Although keeping his mind and body fresh is harder during this unprecedented time, Wienckowski is maintaining his fitness, watching and playing soccer with his family, and completing theoretical exercises from PRO, while juggling pandemic mandated home-schooling for his son and stepson.
“We all have a passion for the Premier League in our house. They’ve been showing loads of Premier League reruns from other seasons and we are enjoying watching those as it’s amazing how much you learn from watching those games as a referee.
“MLS is catching up with the rest of the world now, and hopefully I’ll get some more opportunities to work with my friends and some of the officials I’ve brought up. Corey Parker [current PRO and FIFA AR] was one of the kids that I taught and mentored in the Baltimore area when he was a young referee coming through the system.

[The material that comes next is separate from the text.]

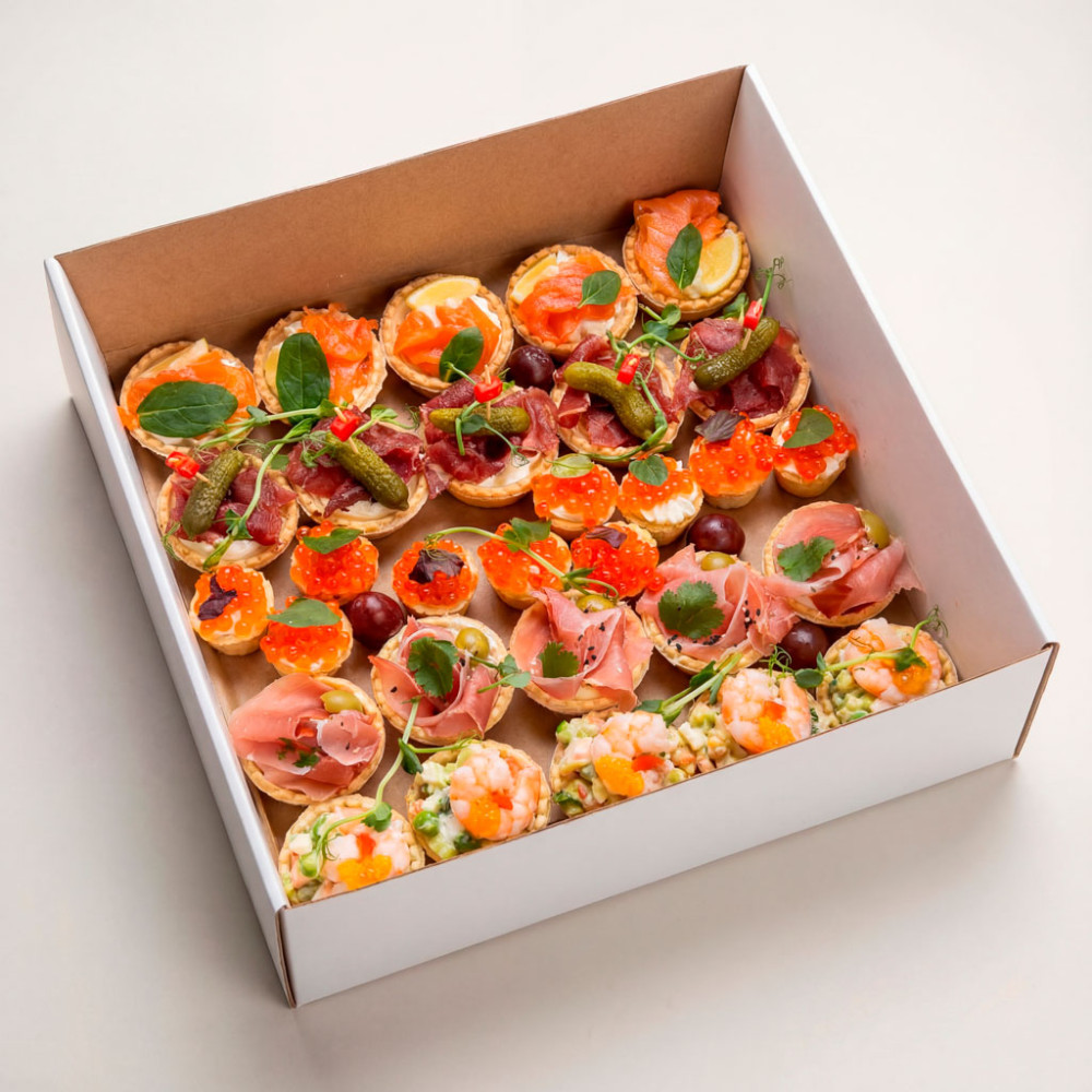 Бокс с тарталетками AVOBOX — удобный и эффектный формат для фуршетов, корпоративов и домашних праздников. На хрустящей основе собраны популярные сочетания: классика с сыром и икрой, нежное оливье с креветкой, сытная ветчина с черри, говядина с огурцом и деликатные тарталетки с крем‑чизом и икрой. Порционная подача экономит время на подготовку и делает сервировку по‑ресторанному — остаётся только открыть коробку и поставить на стол.

“I’d love to do a big MLS game with him; we’ve done some together in different countries, spending 13 days in Saudi Arabia to officiate the Saudi Professional League. While we were there [in January 2018], Saudi women were allowed into a professional football match for the first time.
“Doing all this with somebody who is a great friend makes it even more meaningful.”
Wienckowski made his final FIFA bow in November as Ecuador and Colombia faced off at the Red Bull Arena with his close family and friends in the crowd – his boys obtaining permission from school to leave early and get the train to Newark, NJ.
This came just two months after running the line for Brazil against Colombia in Miami in a game loaded with world-class talent. Seeing players of this caliber close up for one final time made for an occasion Wienckowski ranks amongst his favorite moments in his FIFA career. A memory he will treasure as much as his early recollections of a remarkable journey that started when he first picked up a whistle 25 years ago.
“One of the best things in my soccer career was when I was able to share these experiences with those most important to me.
“I want to say thanks to so many people for their support, like my mentor Rob Fereday [former FIFA AR], Paul Tamberino [former FIFA AR and MLS Referee], Joe Manfre [former MISL official and college officiating assignor], and my wife and my family.
“Without my family’s patience, support, and willingness to take care of things at home while I was away, I wouldn’t have been able to experience or achieve any of this.”